DIRECTIONS
Pictures are to be left out, and only the lines below starting at the one with "Birkin 30伊兹密尔蓝,美洲鳄鱼皮女士包包订做" and ending at the one with "I introduced the" are to be reproduced, each exactly, both ends included.

Records from a dataset:
--- START ---
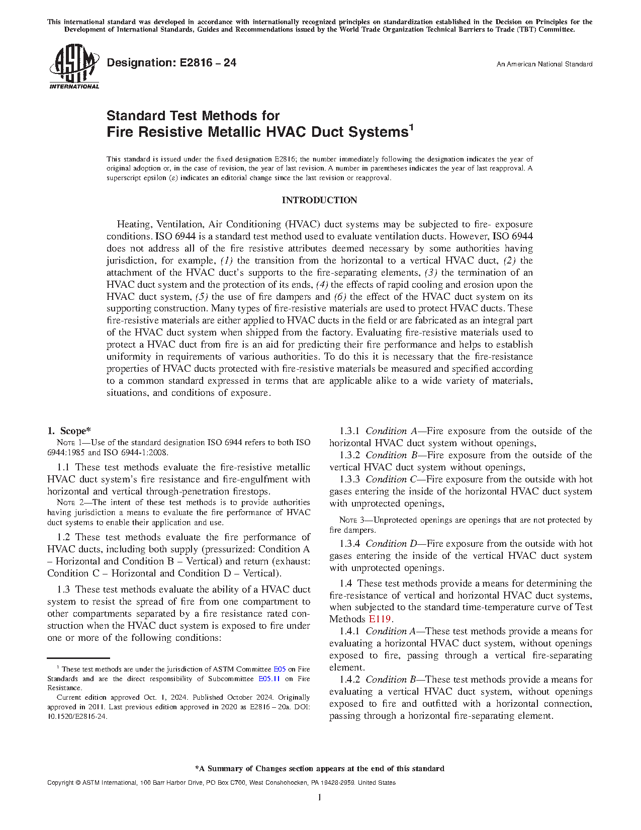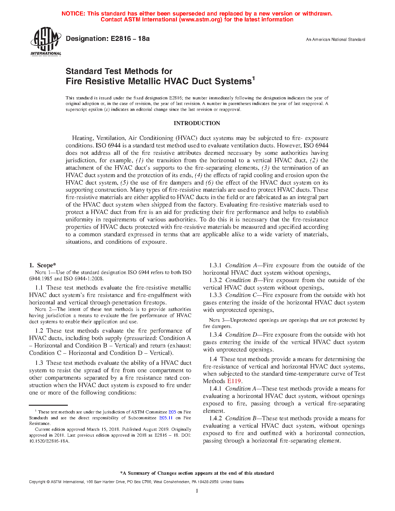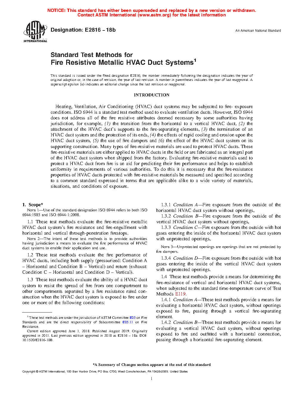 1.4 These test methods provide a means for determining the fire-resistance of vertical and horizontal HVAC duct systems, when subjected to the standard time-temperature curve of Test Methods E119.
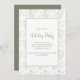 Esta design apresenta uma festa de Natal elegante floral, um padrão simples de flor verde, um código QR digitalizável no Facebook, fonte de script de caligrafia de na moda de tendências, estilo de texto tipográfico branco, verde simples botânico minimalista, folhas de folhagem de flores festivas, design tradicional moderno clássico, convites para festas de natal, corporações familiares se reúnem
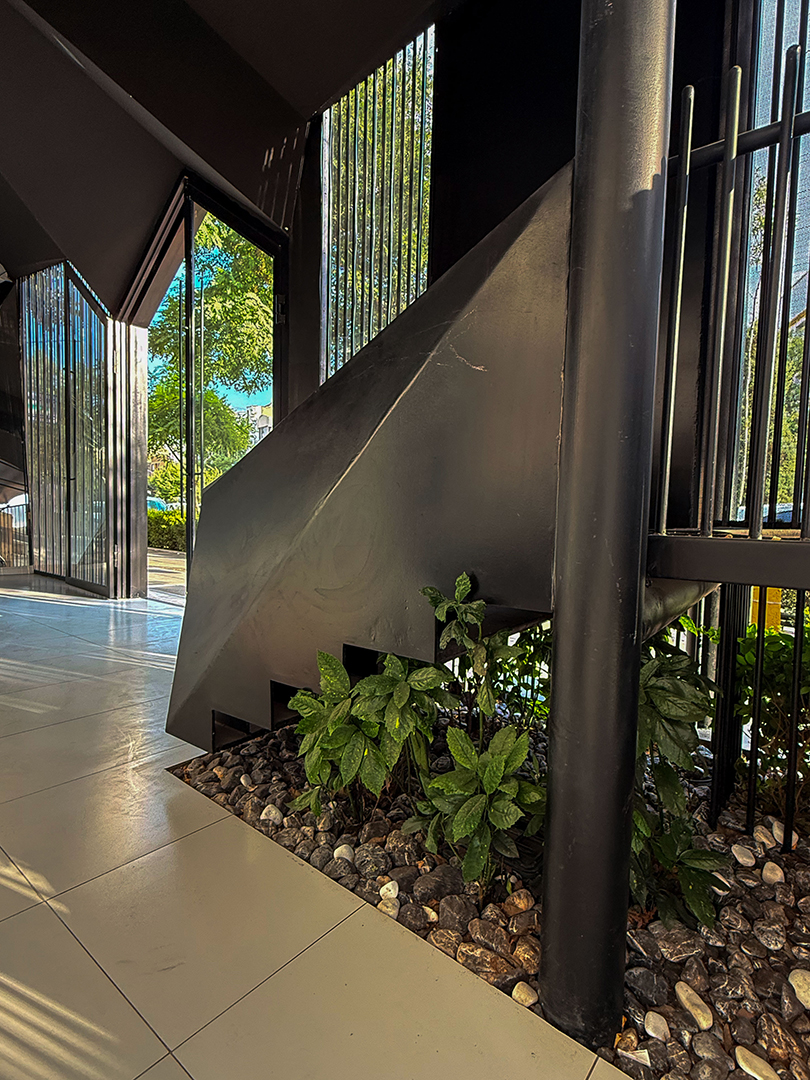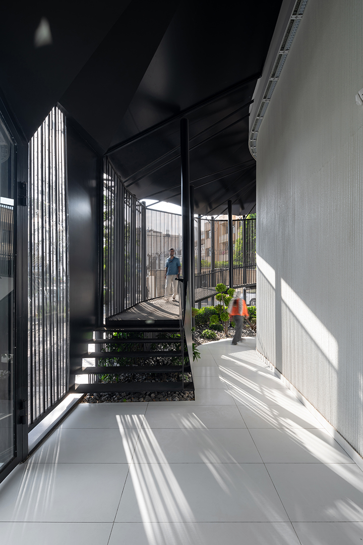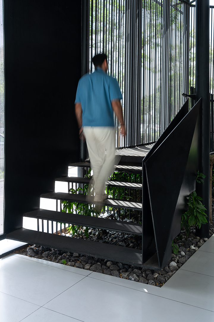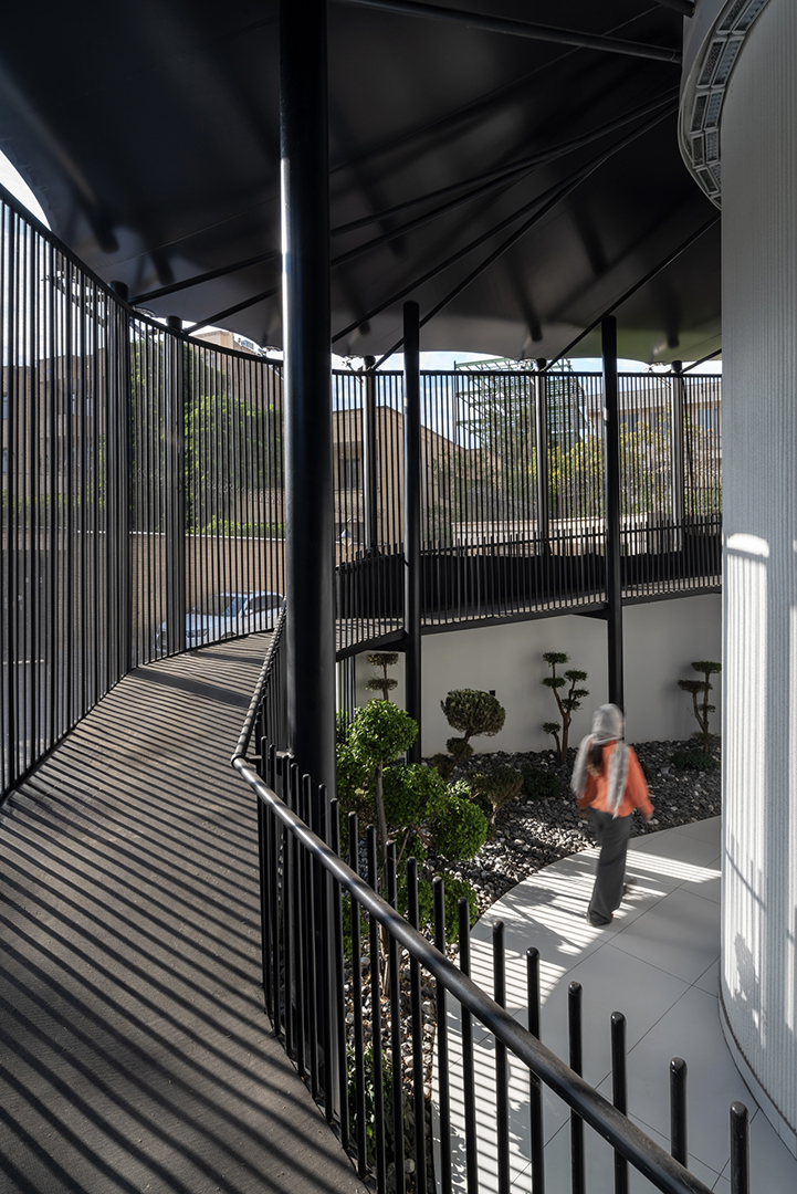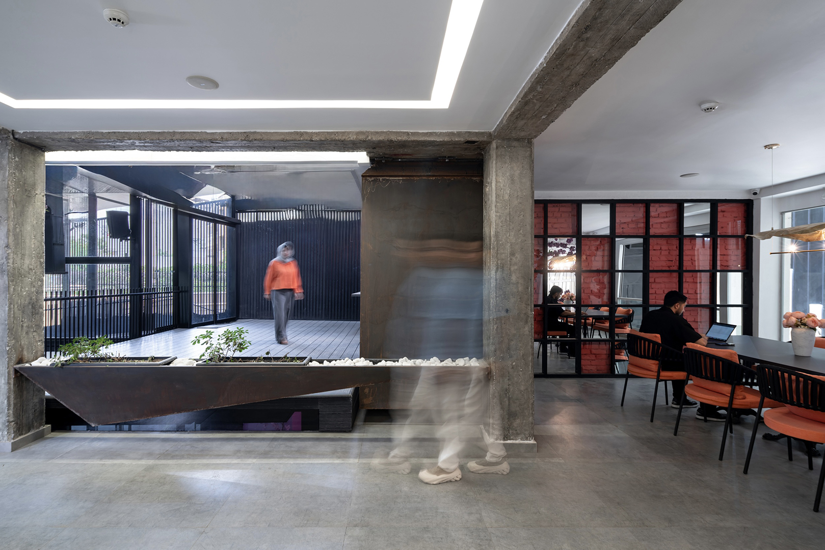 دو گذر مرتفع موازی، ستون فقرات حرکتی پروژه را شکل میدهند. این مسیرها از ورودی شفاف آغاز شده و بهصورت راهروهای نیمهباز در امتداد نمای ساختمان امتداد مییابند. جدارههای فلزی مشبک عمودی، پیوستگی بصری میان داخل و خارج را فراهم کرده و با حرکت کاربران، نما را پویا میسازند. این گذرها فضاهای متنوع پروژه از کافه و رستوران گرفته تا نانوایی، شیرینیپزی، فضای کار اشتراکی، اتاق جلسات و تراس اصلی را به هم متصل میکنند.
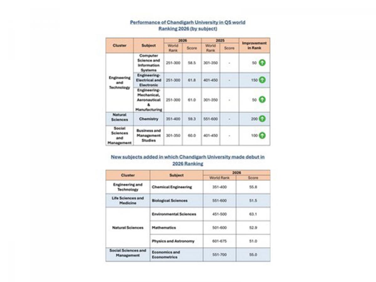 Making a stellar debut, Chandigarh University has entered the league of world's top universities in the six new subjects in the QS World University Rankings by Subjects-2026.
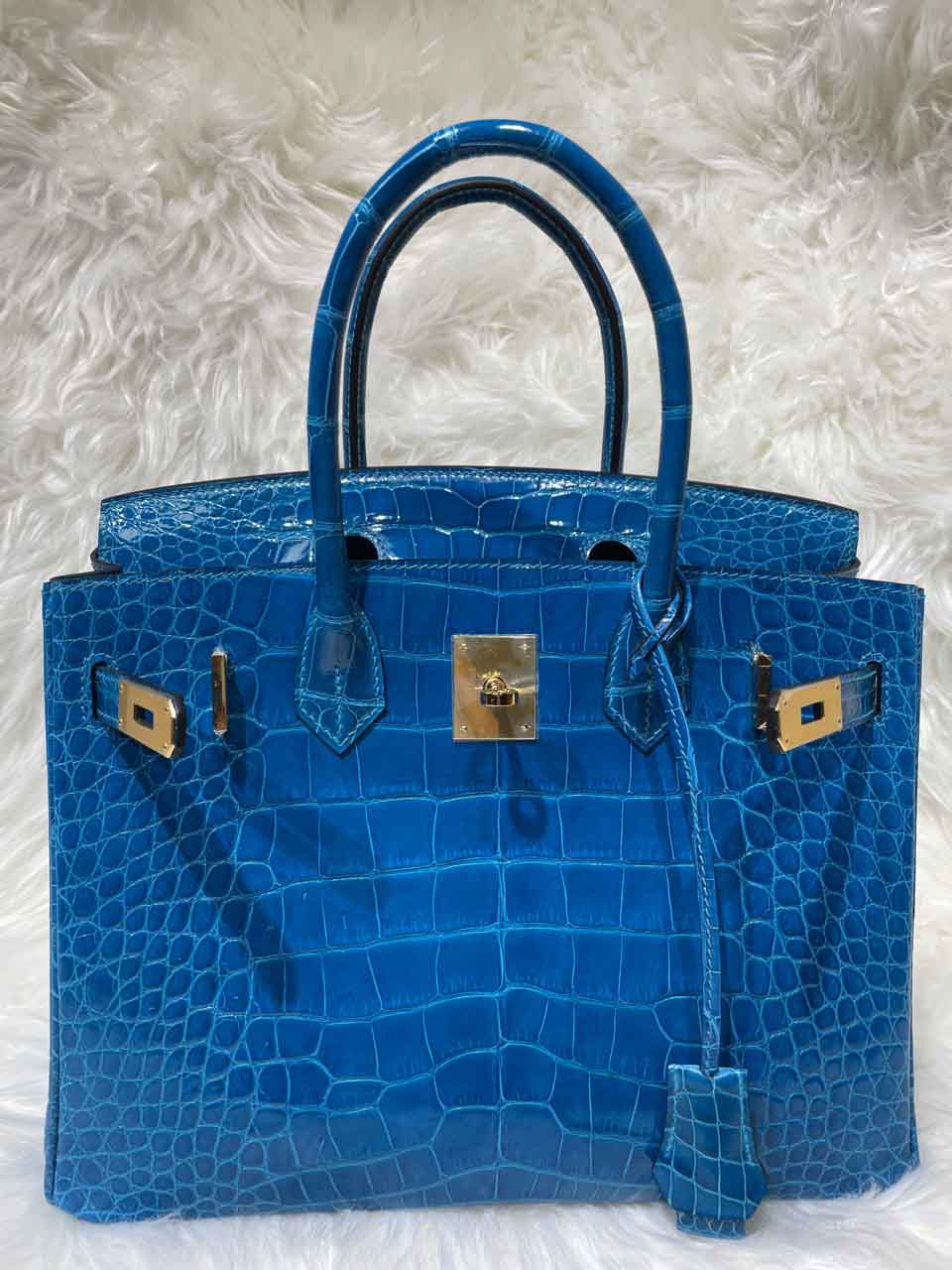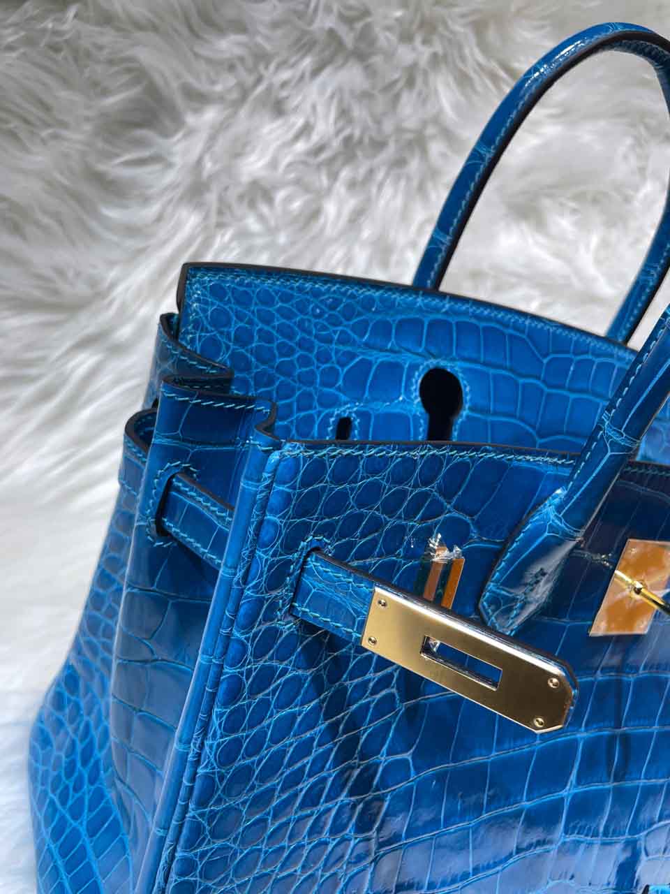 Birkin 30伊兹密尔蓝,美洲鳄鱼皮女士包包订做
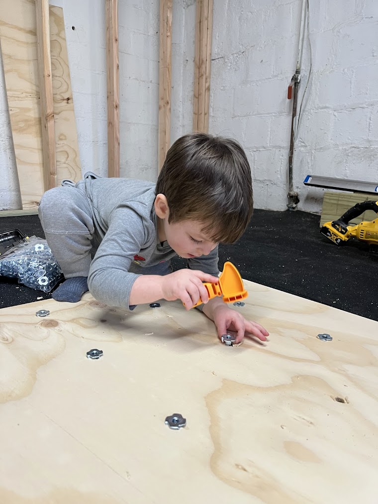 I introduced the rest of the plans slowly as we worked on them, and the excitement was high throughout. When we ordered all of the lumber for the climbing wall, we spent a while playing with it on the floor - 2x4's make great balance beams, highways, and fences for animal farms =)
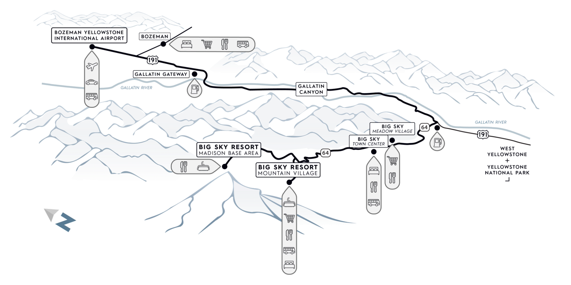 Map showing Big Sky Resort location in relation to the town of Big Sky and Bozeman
--- END ---
RESPONSE BOX
 Birkin 30伊兹密尔蓝,美洲鳄鱼皮女士包包订做
 I introduced the rest of the plans slowly as we worked on them, and the excitement was high throughout. When we ordered all of the lumber for the climbing wall, we spent a while playing with it on the floor - 2x4's make great balance beams, highways, and fences for animal farms =)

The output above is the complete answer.